In 1925 she began her formal studies in the Library School of the New York Public Library. In 1929, due to the increasing numbers of Puerto Ricans settling in southwest Harlem, Belpré was transferred to a branch of the NYPL at 115th Street. She quickly became an active advocate for the Spanish-speaking community by instituting bilingual story hours, buying Spanish language books, and implementing programs based on traditional holidays like the celebration of Three Kings Day. In her outreach efforts, she attended meetings of civic organizations such as the Porto Rican Brotherhood of America and La Liga Puertorriqueña e Hispana. Through Belpré's work, the 115th Street branch became an important cultural center for the Latino residents of New York, even hosting important Latin American figures such as the Mexican muralist Diego Rivera. Belpré continued these efforts at the 110th street (or Aguilar) branch.

Literary career 
Belpré's library career is intimately tied to her literary career. The first story she wrote and published was Pérez and Martina, a love story between a cockroach and a mouse. Belpré also collected many other folktales from Puerto Rico, translated them into English and had them published as children's literature.

In 1940, Belpré met her future husband, the African-American composer and violinist, Clarence Cameron White. They were married on December 26, 1943 and Belpré resigned her position to go on tour with her husband and to devote herself fully to writing. When her husband died in 1960, Belpré returned to part-time work in the library as the Spanish Children's Specialist, which sent her all over the city wherever there were large numbers of Latino children. In 1968, she retired from this position, but was persuaded to work with the newly established South Bronx Library Project, a community outreach program to promote library use and to provide needed services to Latino neighborhoods throughout the Bronx.

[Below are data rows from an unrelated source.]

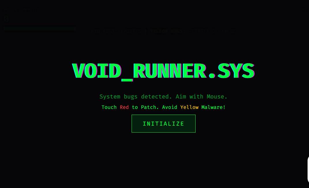 The game is a high-speed, arcade-style "system debugger" where the player controls a ship (the Void Runner) inside a glitching computer kernel. The aesthetic is inspired by classic terminal interfaces and "Matrix-style" digital environments.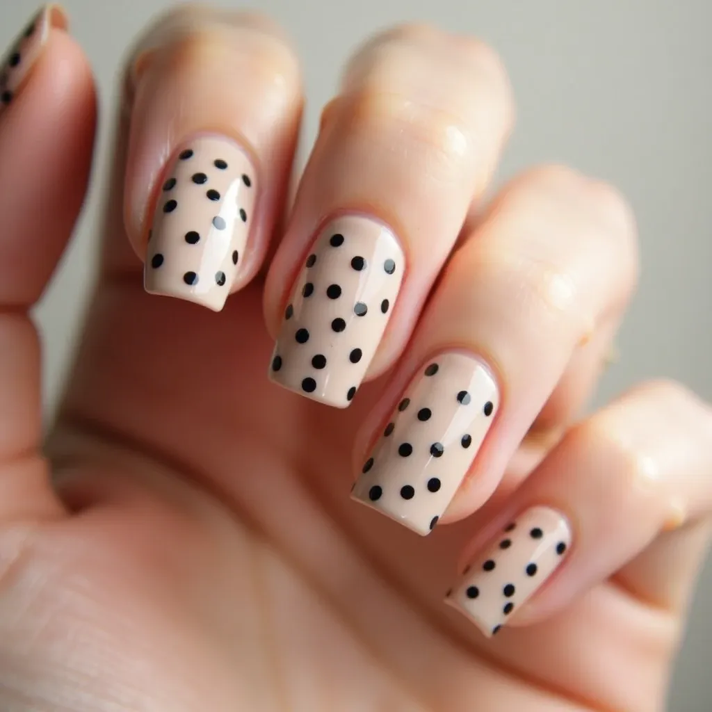 Dot black polish over a nude or clear base using a dotting tool or the back of a bobby pin. Subtle but statement-worthy.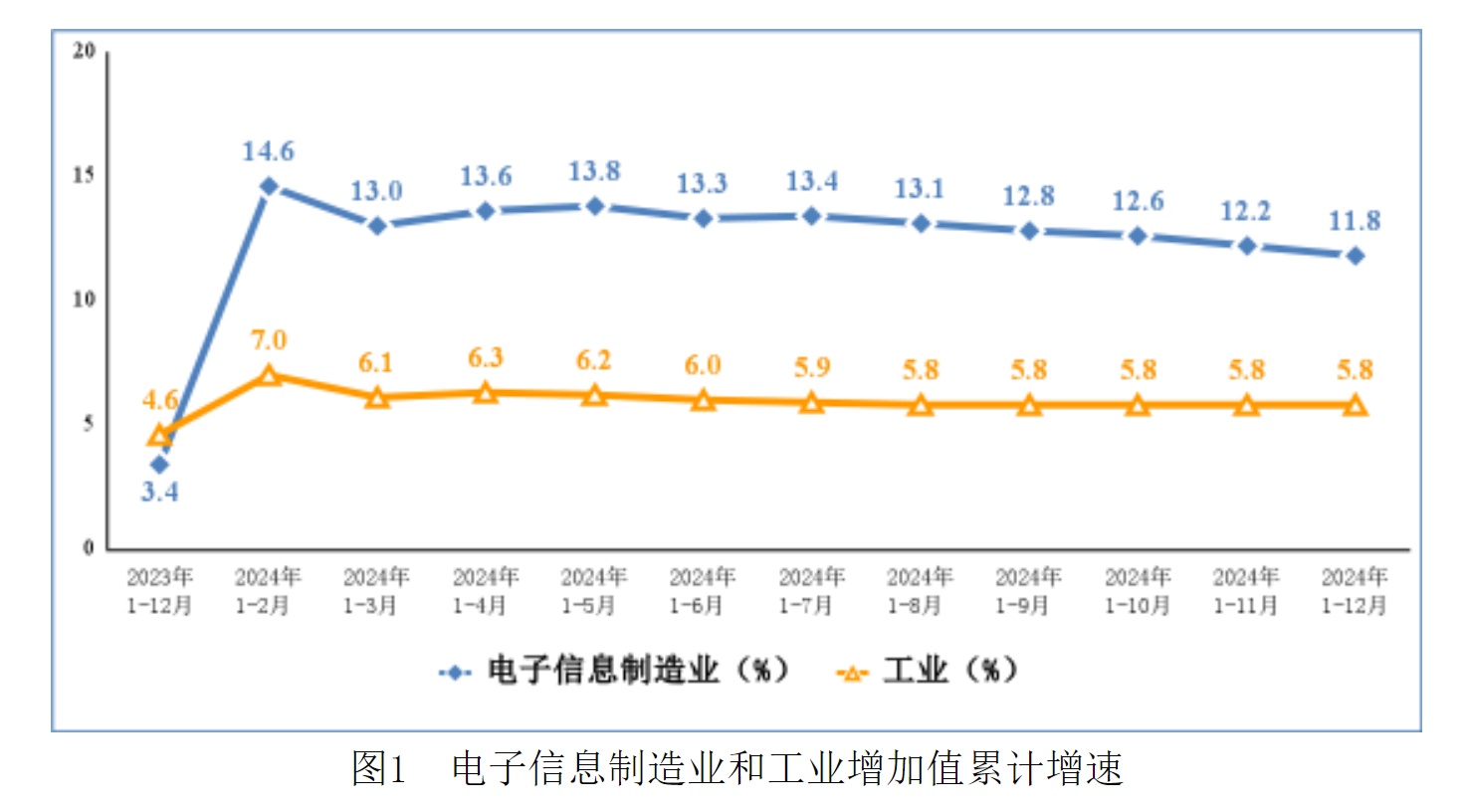 2024年,规模以上电子信息制造业增加值同比增长11.8%,增速分别比同期工业、高技术制造业高6个和2.9个百分点。12月份,规模以上电子信息制造业增加值同比增长8.7%。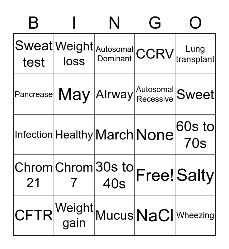 This bingo card has 25 words: Chrom 7, Mucus, AIrway, CFTR, Lung transplant, Sweat test, Pancrease, Weight loss, None, 30s to 40s, Autosomal Recessive, Infection, Free!, Salty, May, Wheezing, 60s to 70s, Autosomal Dominant, Sweet, Healthy, March, Weight gain, Chrom 21, CCRV and NaCl.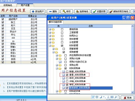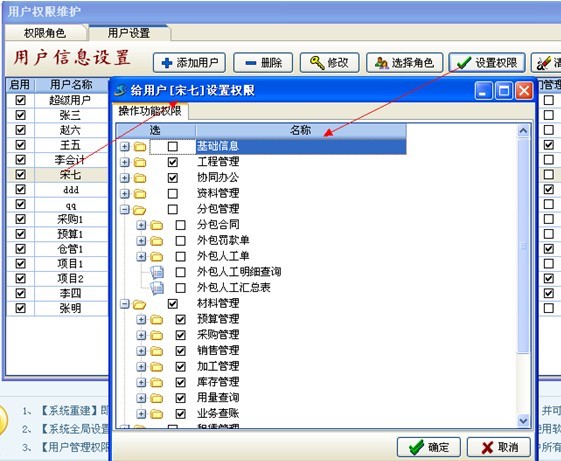 (5)設(shè)置好用戶的部門,規(guī)屬公司,最后還有重要的一步操作就是給用戶進行菜單功能授權(quán)。如下圖: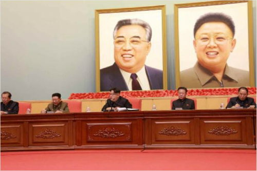 북한 노동당 중앙위 인민군위원회 연합확대회의에 사복을 입고 등장한 김영철 통전부장(오른쪽)(사진=노동신문)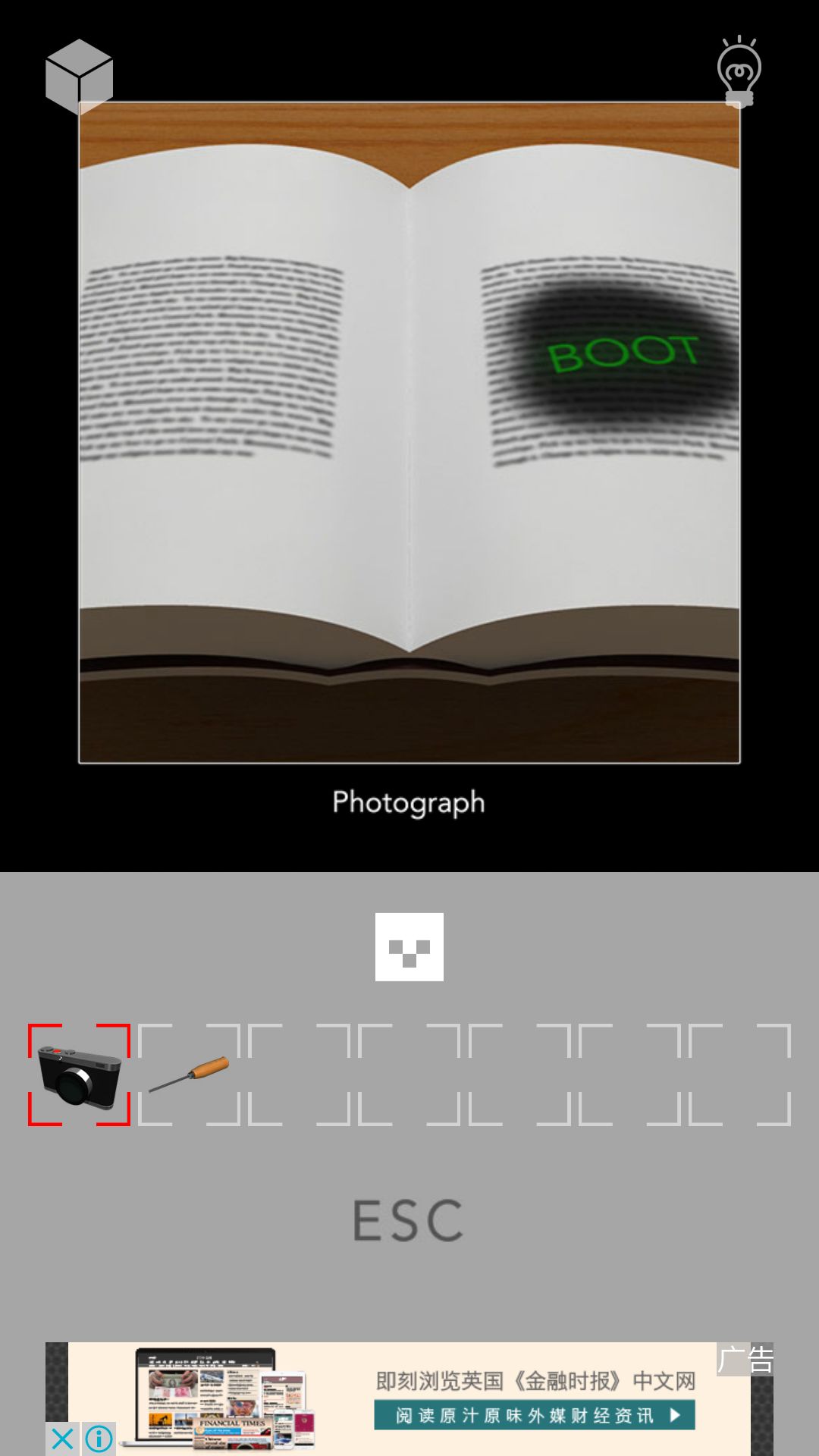 第六步:后退左转两次点书桌再点书,对右侧书用水壶,再后退回初始房间,去九工具画面放回水壶拿照相机,去第二个房间点书对翻开的书照相,得图6,这时我们回收红色保龄球 回初始房间的九工具画面,放回照相机和保龄球,拿左下角的三角石跟右下角锤子,点三角石放大用锤子砸得旋钮键和B键,左转点左边花盆把旋钮安上,转到圆标志那头,再后退去门画面右边密码盘放上B键,输入BOOT,三钥匙画面玻璃罩打开,并且道具栏里的道具都消失了,拿走三把钥匙(木头的是无名之匙,小丑帽子的是愚蠢之匙,最后一个是希望之匙)

Belpré wrote the first major Juan Bobo story published in the United States, Juan Bobo and the Queen's Necklace: A Puerto Rican Folk Tale. It was published in 1962.

Death 
Belpré died on July 1, 1982, having received the New York Mayor's Award for Arts and Culture that same year. Her archives are held and maintained by the Center for Puerto Rican Studies at Hunter College in New York.

Legacy
The Pura Belpré Award was established in 1996 as a homage to Pura Belpré. It is a children's book award, presented annually, to the Latino/Latina writer and illustrator whose work best portrays, affirms, and celebrates the Latino cultural experience in an outstanding work of literature for children and youth. The Pura Belpré Award is co-sponsored by REFORMA: the National Association to Promote Library and Information Services to Latinos and the Spanish-Speaking and the Association for Library Service to Children (ALSC), a division of the American Library Association (ALA). The Northeast Chapter of REFORMA named its children's book achievement award in her honor in the 1980s.

In the Bronx, New York Public School 64 on Walton Avenue near 170th Street has been named after her. In 2022, 109th Street and Lexington Avenue in East Harlem was named Pura Belpré Way.

A documentary film about the life and work of Pura Belpré was produced in 2011, and is available for viewing at the Centro de Estudios Puertorriqueños at Hunter College.

The Pura Belpré Papers, held at the Archives of the Puerto Rican Diaspora, Center for Puerto Rican Studies "are an important source for the study of Puerto Rican children's literature, folk tales, and legends. They are valuable for examining relationships between the Puerto Rican community and a major institution such as the New York Public Library. Additionally, the papers document the formation and organizational development of the Puerto Rican community in New York City."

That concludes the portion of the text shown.